TSDB usually also includes some common functions and operations for time series data analysis: data retention strategy, continuous query, flexible time aggregation, etc. Even if scale isn't a consideration right now (for example, you're just starting to collect data), these features can still provide a better user experience and make your life easier.

This is why developers are increasingly adopting time series databases and using them for a variety of use cases:

  • Monitoring software systems: virtual machines, containers, services, applications
  • Monitor physical systems: devices, machines, connected devices, the environment, our homes, our bodies
  • Asset Tracking Applications: Cars, Trucks, Physical Containers, Pallets
  • Financial trading system: traditional securities, emerging encrypted digital currency
  • Events app: Track user, customer interaction data
  • Business Intelligence Tools: Track key metrics and overall business health
  • more scenes

But even so, you still need to choose the time series database that best suits your data model and write and read patterns. According to Moore's Law, computing power (transistor density) doubles every 18 months, while Crates' Law assumes that storage capacity doubles every 12 months.

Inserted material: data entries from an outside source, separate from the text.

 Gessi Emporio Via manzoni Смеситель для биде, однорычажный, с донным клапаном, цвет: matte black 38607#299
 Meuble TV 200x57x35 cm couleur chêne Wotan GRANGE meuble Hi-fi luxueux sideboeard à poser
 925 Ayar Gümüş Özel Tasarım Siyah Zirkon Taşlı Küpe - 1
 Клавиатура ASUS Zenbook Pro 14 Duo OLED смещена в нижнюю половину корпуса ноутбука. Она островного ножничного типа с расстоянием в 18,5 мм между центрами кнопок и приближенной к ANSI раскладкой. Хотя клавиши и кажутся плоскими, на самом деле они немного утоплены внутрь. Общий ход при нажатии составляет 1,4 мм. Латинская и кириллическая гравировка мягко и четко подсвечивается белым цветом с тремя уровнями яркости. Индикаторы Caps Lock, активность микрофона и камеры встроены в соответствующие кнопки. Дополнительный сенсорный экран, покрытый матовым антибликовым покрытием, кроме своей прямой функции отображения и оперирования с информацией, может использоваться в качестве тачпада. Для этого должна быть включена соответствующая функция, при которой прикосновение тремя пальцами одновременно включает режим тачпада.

Now that we are no longer satisfied with observing the state of the world, we want more, we want to measure how the world changes over sub-second time. Our "big data" datasets are now being overtaken by another type of data that relies heavily on time to preserve information about what is changing.

But is all data time series data to begin with? Back to our early web application example: we were sitting on time series data, we just didn't realize it at the time.Or think about any "regular" dataset, such as mainstream retail bank checking accounts and balances, the source code of a software project, or the text of this blog post.

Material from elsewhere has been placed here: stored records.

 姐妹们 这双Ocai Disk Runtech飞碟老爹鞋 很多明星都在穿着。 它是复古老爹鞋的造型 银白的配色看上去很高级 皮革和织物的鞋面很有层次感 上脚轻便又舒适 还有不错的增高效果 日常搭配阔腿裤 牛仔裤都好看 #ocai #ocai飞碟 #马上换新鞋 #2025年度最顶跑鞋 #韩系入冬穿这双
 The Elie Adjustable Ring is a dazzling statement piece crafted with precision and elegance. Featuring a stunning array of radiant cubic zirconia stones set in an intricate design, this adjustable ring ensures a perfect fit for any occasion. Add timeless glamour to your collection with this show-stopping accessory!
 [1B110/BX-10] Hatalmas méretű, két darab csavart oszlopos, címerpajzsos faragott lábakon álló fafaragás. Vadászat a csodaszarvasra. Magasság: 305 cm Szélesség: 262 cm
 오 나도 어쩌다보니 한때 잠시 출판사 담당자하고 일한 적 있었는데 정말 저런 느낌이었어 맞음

Usually we choose to store the latest state of the system. But what if we instead store each change and compute the latest state at query time? Is a "regular" dataset much like the top-level view of the corresponding time series dataset, just cached first for performance reasons? Does the bank have a transaction ledger? (Is a blockchain a distributed, unmodifiable time series record?) Does a software project have version control (eg, Git Commit?) Does this blog post have a revision history? (Undo, redo.)

In other words: are there logs for all datasets?

We've noticed that many applications may never need time series data (and it works better with a "current state view"). But as the exponential curve of technological progress continues to move forward, it seems that these "current state views" become unnecessary. Only by storing more data in time series form will we be able to understand it better.

Are all data time series data? We haven't found a good example yet, and if you're lucky enough to find one, we'd love to hear it.

Regardless, one thing is clear: time series data is all around us, and it's time to put it to work.